→ **TASK DIRECTIONS**:
Transcribe only the lines in the data below falling between the line with "圖1是一個(gè)典型的電池" and the line with "This is the", including those two lines, and leave out any picture.

→ **SOURCE INFORMATION**:
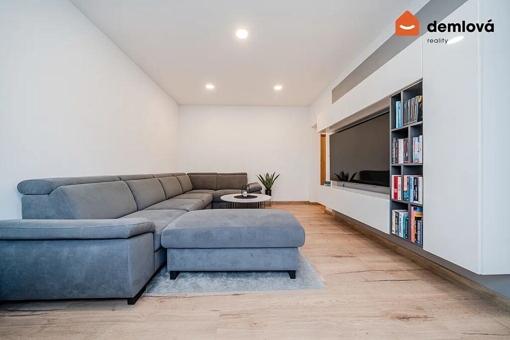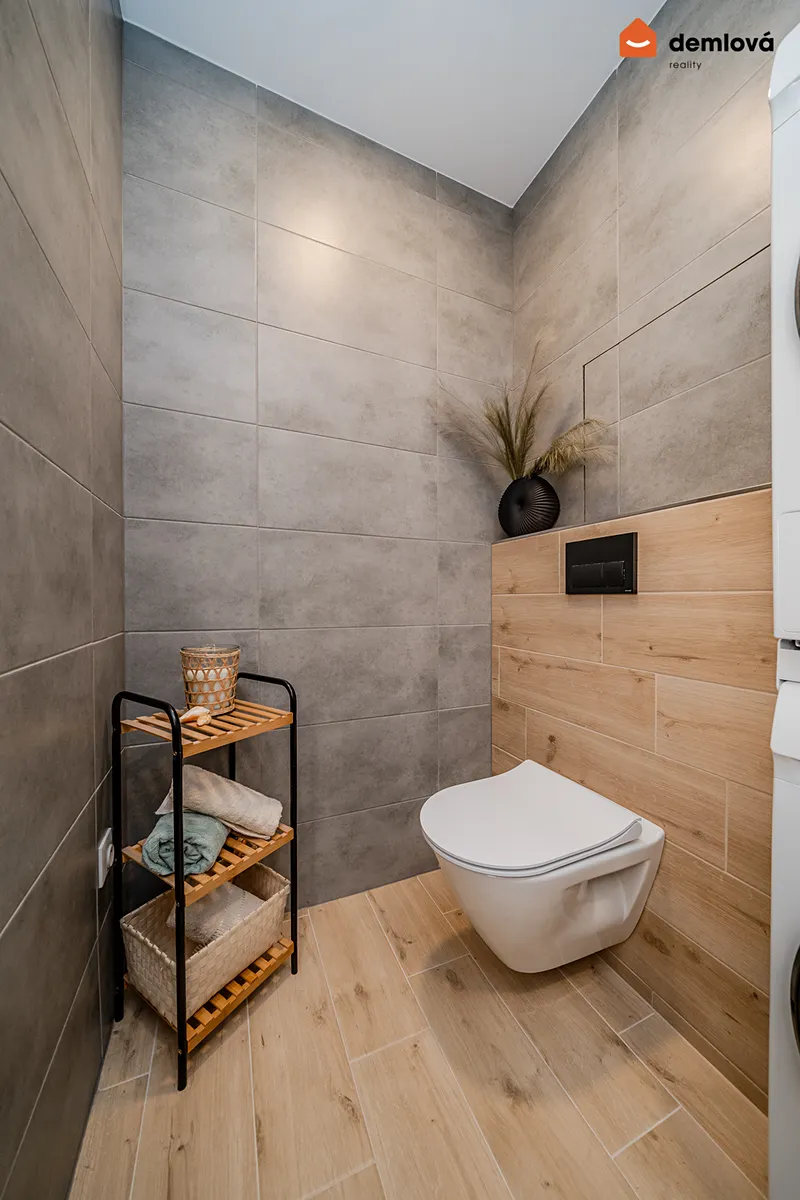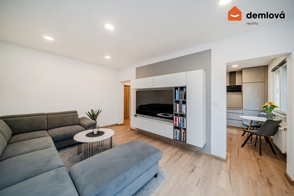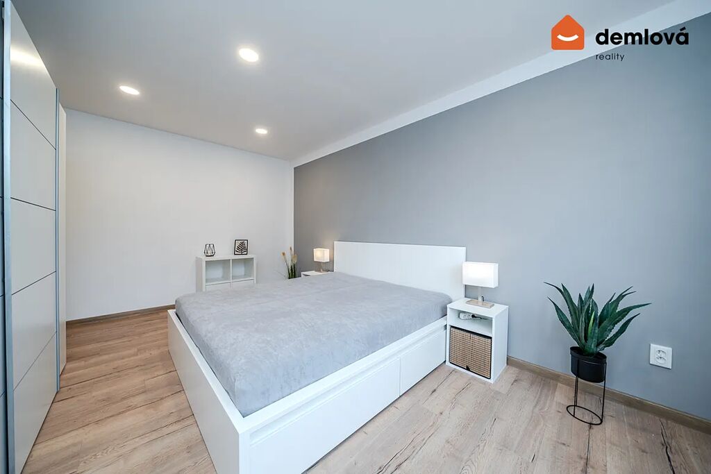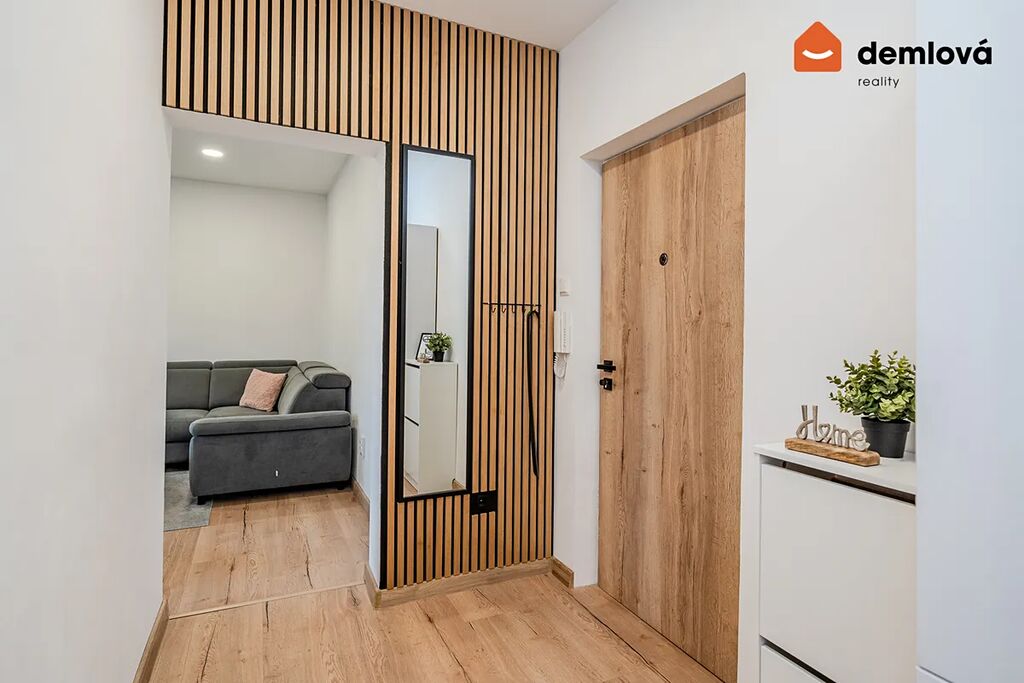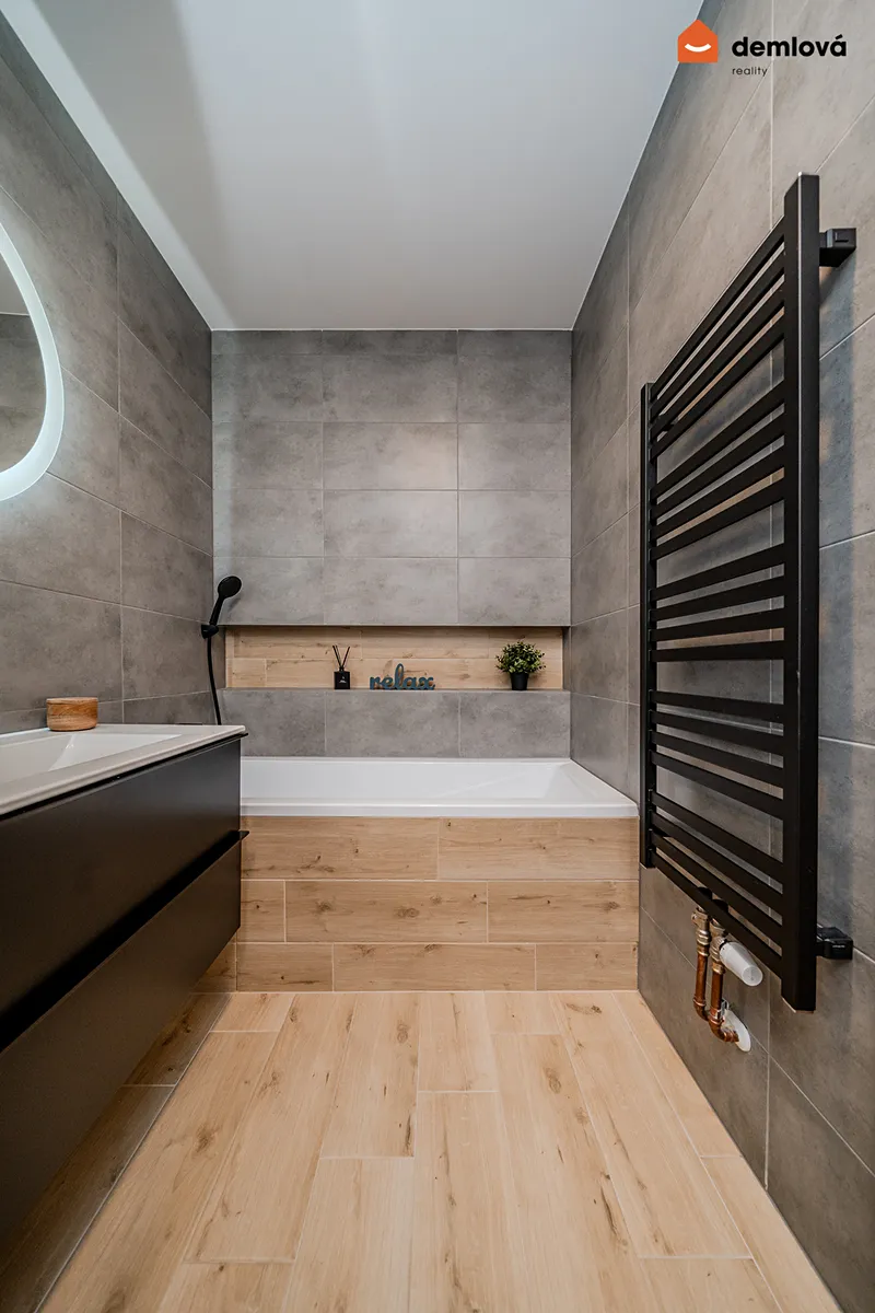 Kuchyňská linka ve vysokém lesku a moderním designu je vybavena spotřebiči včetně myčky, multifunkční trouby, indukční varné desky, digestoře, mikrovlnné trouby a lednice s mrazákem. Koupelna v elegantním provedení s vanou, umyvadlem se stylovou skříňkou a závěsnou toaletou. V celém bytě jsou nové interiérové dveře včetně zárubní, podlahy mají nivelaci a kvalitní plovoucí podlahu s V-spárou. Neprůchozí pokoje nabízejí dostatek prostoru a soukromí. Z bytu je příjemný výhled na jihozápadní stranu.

---

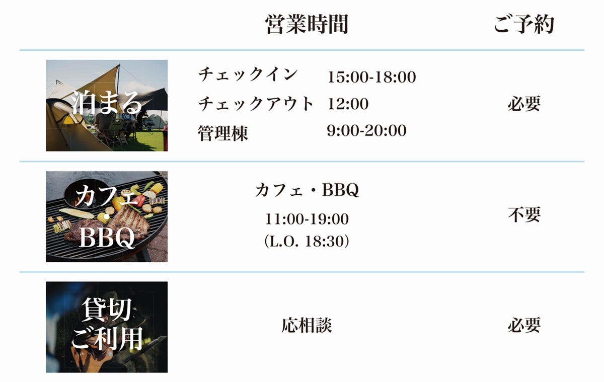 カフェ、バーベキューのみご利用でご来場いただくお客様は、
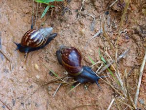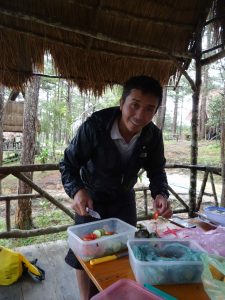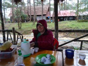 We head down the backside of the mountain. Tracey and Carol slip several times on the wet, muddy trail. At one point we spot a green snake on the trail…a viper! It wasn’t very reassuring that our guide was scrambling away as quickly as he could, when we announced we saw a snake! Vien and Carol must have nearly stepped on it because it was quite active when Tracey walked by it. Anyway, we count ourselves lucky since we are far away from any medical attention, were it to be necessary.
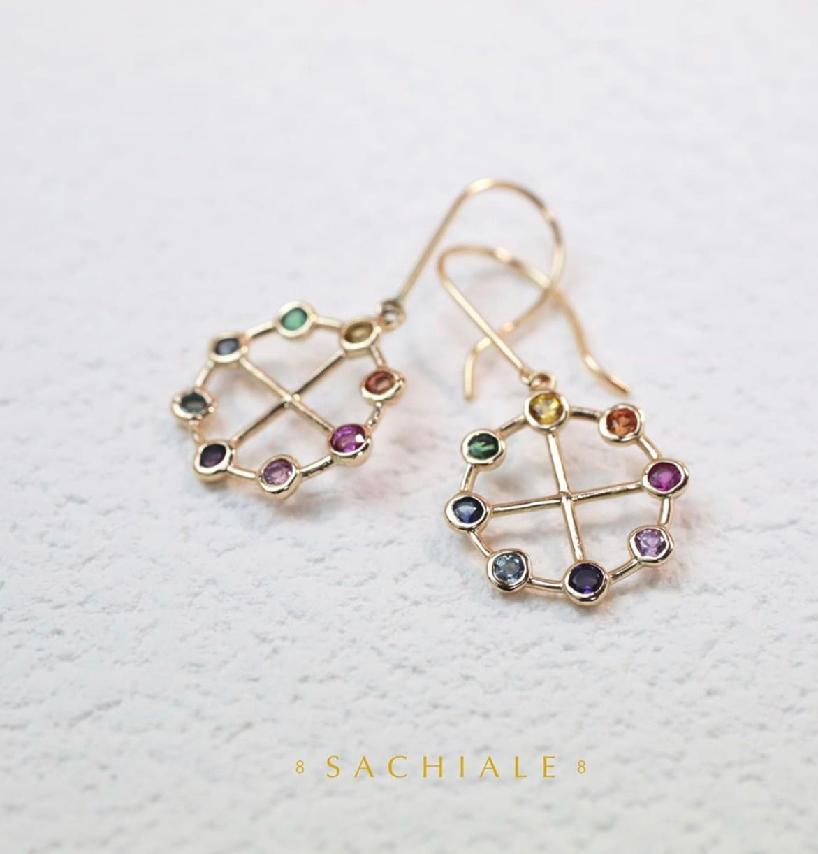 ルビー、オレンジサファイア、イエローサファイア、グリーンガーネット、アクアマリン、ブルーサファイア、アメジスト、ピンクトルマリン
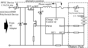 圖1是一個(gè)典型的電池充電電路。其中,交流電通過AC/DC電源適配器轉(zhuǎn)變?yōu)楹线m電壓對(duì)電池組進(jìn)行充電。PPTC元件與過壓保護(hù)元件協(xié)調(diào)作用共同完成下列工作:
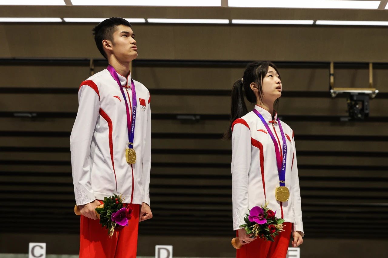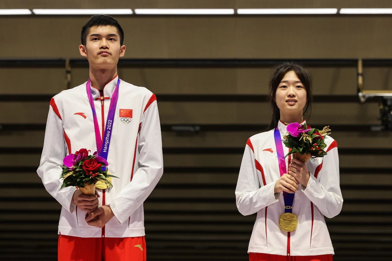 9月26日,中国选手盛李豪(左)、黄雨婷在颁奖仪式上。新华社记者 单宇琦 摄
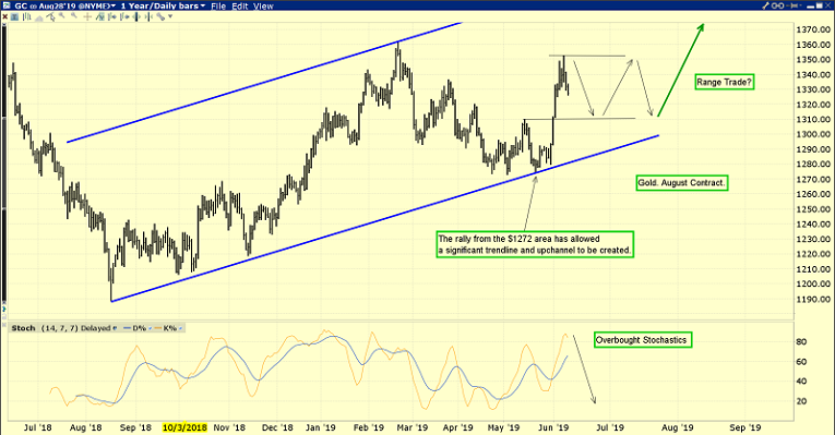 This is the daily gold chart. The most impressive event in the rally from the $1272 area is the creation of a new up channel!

→ **SOLUTION**:
 圖1是一個(gè)典型的電池充電電路。其中,交流電通過AC/DC電源適配器轉(zhuǎn)變?yōu)楹线m電壓對(duì)電池組進(jìn)行充電。PPTC元件與過壓保護(hù)元件協(xié)調(diào)作用共同完成下列工作:
 9月26日,中国选手盛李豪(左)、黄雨婷在颁奖仪式上。新华社记者 单宇琦 摄
 This is the daily gold chart. The most impressive event in the rally from the $1272 area is the creation of a new up channel!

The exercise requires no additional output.